Employee burnout costs between $4,000 and $21,000 per employee annually, according to a 2025 CUNY study published in the American Journal of Preventive Medicine. For a 1,000-person company, that adds up to roughly $5 million per year. At a national level, workplace stress costs U.S. employers an estimated $300 billion annually.

Gen Z has the highest burnout rate at 66%, followed by Millennials at 58%, Gen X at 53%, and Baby Boomers at 37%, according to Eagle Hill Consulting's 2025 survey. Gen Z and Millennial workers report hitting peak burnout at age 25, seventeen years earlier than the average American at 42.

Yes, significantly. 69% of shift workers have their schedules changed with little or no notice, which is a major burnout driver.
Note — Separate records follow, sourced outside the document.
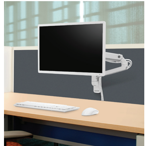
MXV WALL MONITOR ARM WHITE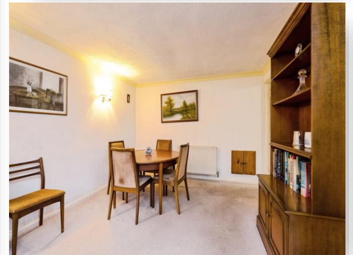
St. Marys Road, Stilton Peterborough PE7 3RX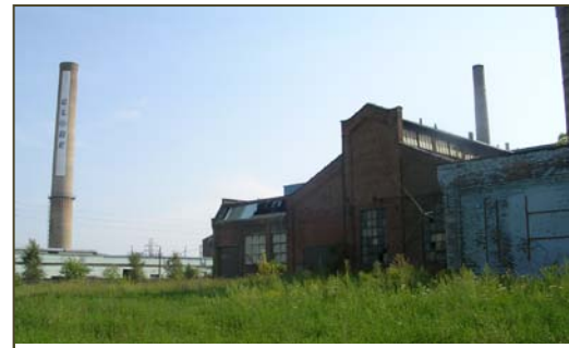
Site Building – 2008

Santarosa Holdings Inc. continues to work with end users for the site. 14.1 acres of the 18 acre site are under contract to Falls Metal Recycling for development into a metal recycling and reclamation green facility. The proposed $13-$15 million development will create 45 new jobs. One additional company has an option to purchase the remaining 4 acres of the site. Proposed development for this portion of the site is for green energy production and a potential $18 million investment with 50 new jobs.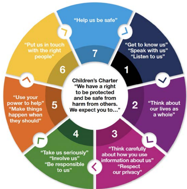
Expectations from children who may be involved in child protection processes (National Child Protection Guidance, 2021)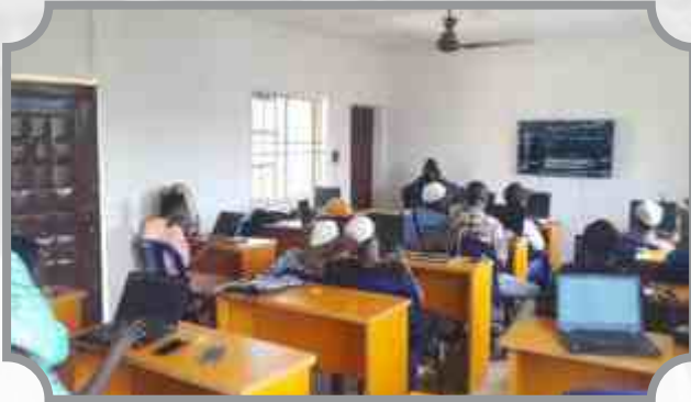
Figure C1: The classroom after the facelift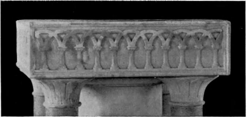
NO. 1. FONT AT ST. DUNSTAN'S, STEPNEY.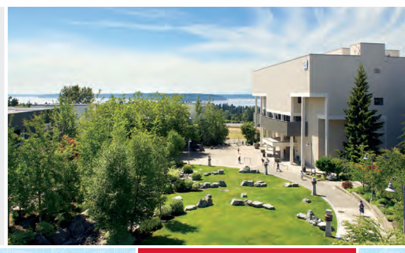
We make buildings work better.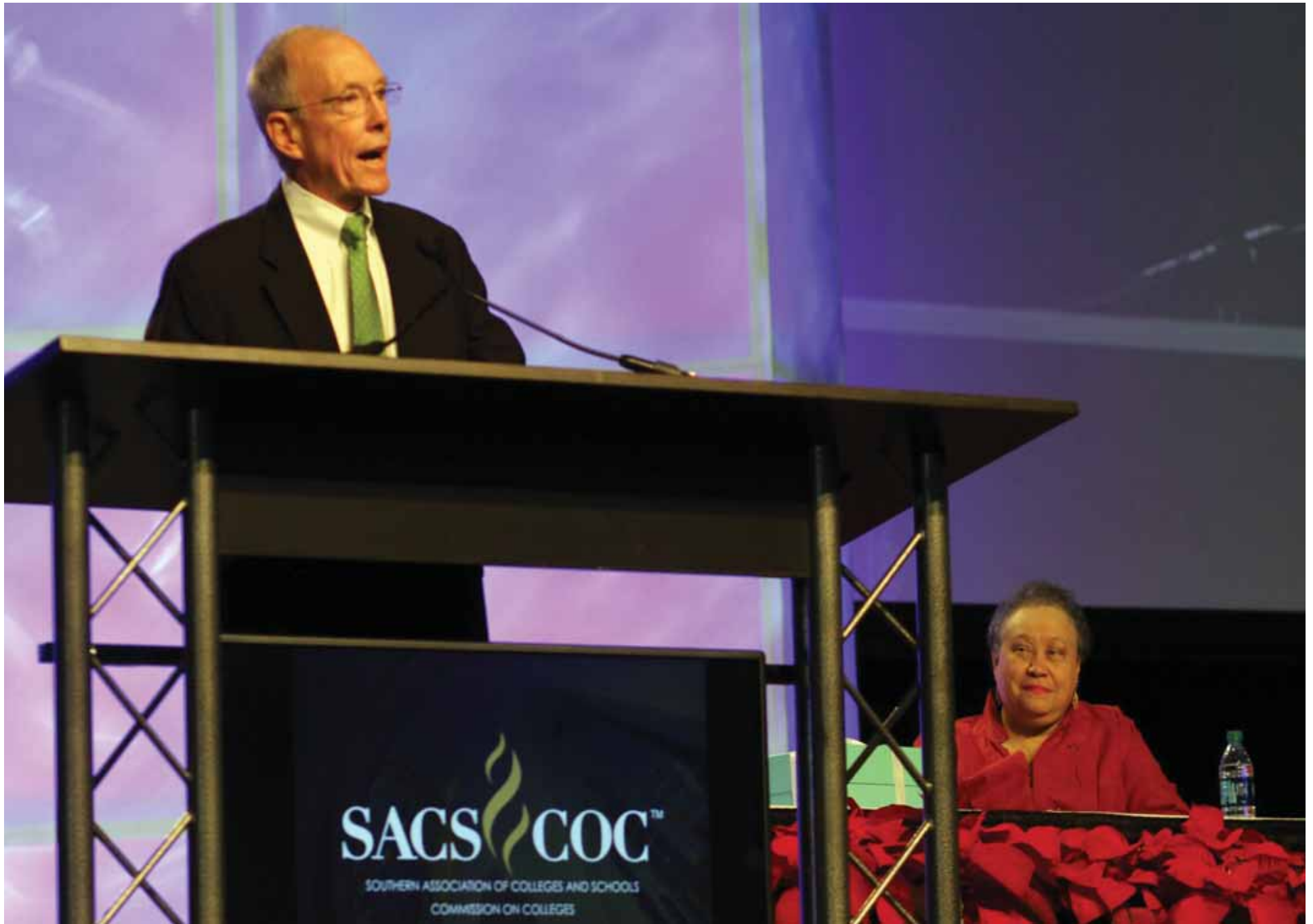
The Honorable Ted Mitchell, Under Secretary of Education, discussed a number of DOE imperatives.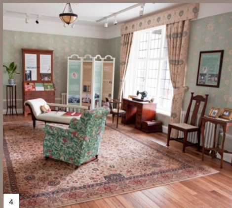
2. Winterbourne House & Gardens, Birmingham – Exhibition Design and Build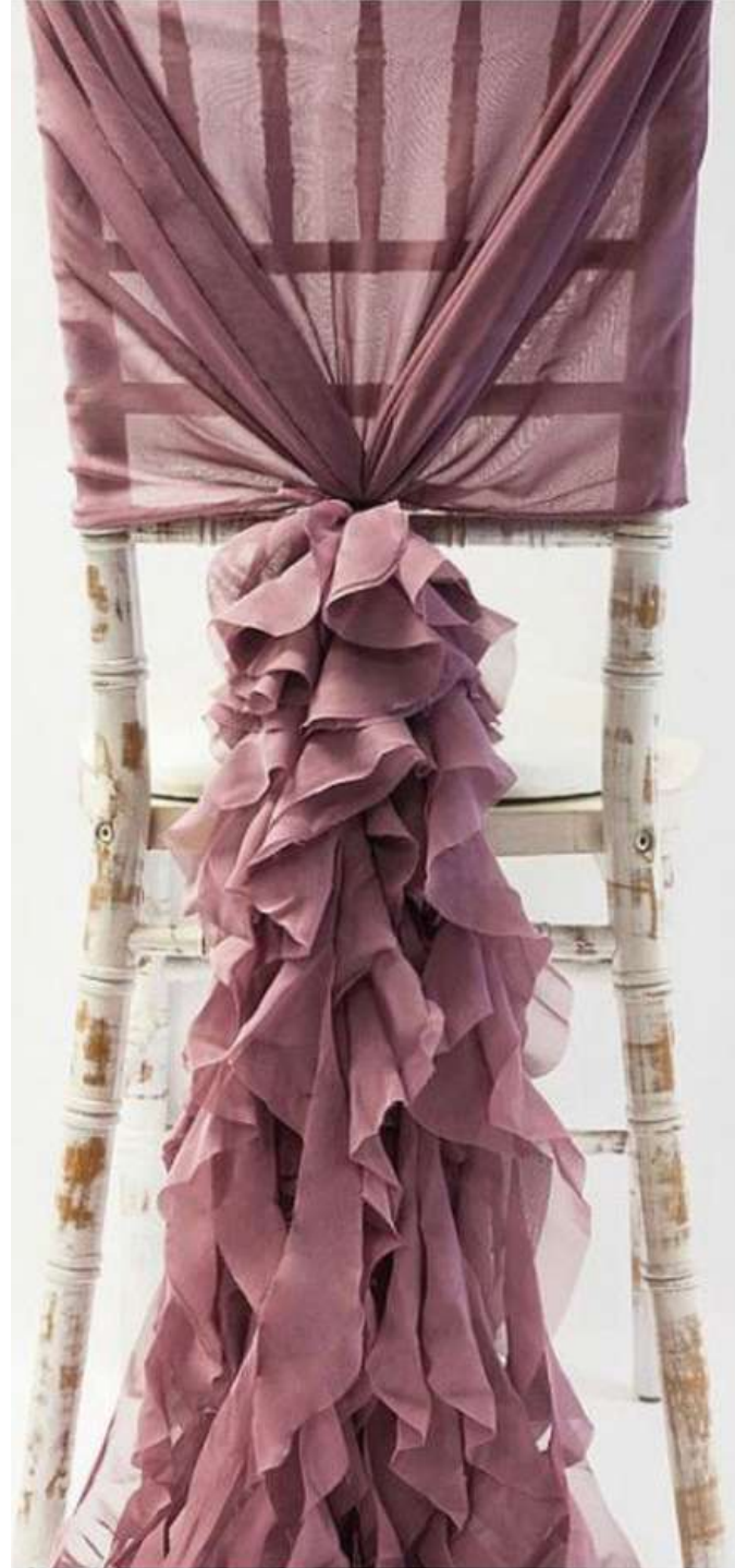
Ruffle chair hood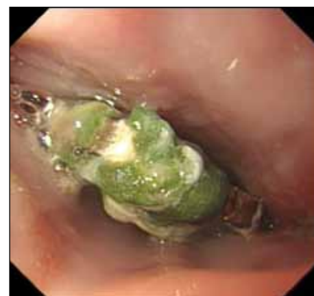
FIG 2. Endoscopic view of the coin, 18 cm from the incisor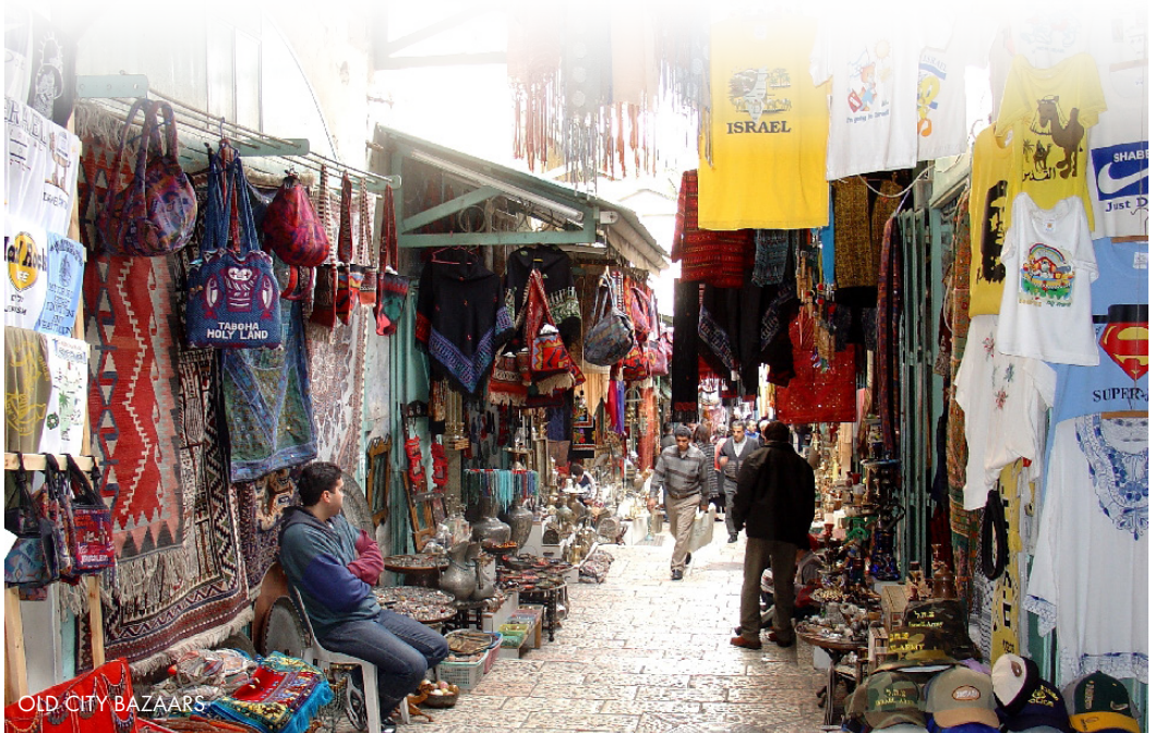
OLD CITY BAZAARS

After breakfast, travel to Ben Gurion airport for the morning return flight to London Heathrow.

Research from Wharton shows a strong correlation between low schedule predictability and turnover. Organizations with unpredictable scheduling practices experience turnover rates up to 50% higher than those with consistent schedules.

Healthcare consistently reports the highest burnout, with 46-58% of physicians experiencing burnout. Hospitality and retail follow, driven by unpredictable scheduling, long hours, and high customer demands. 83% of Gen Z frontline workers in the UK report burnout symptoms, compared to 66% of older cohorts.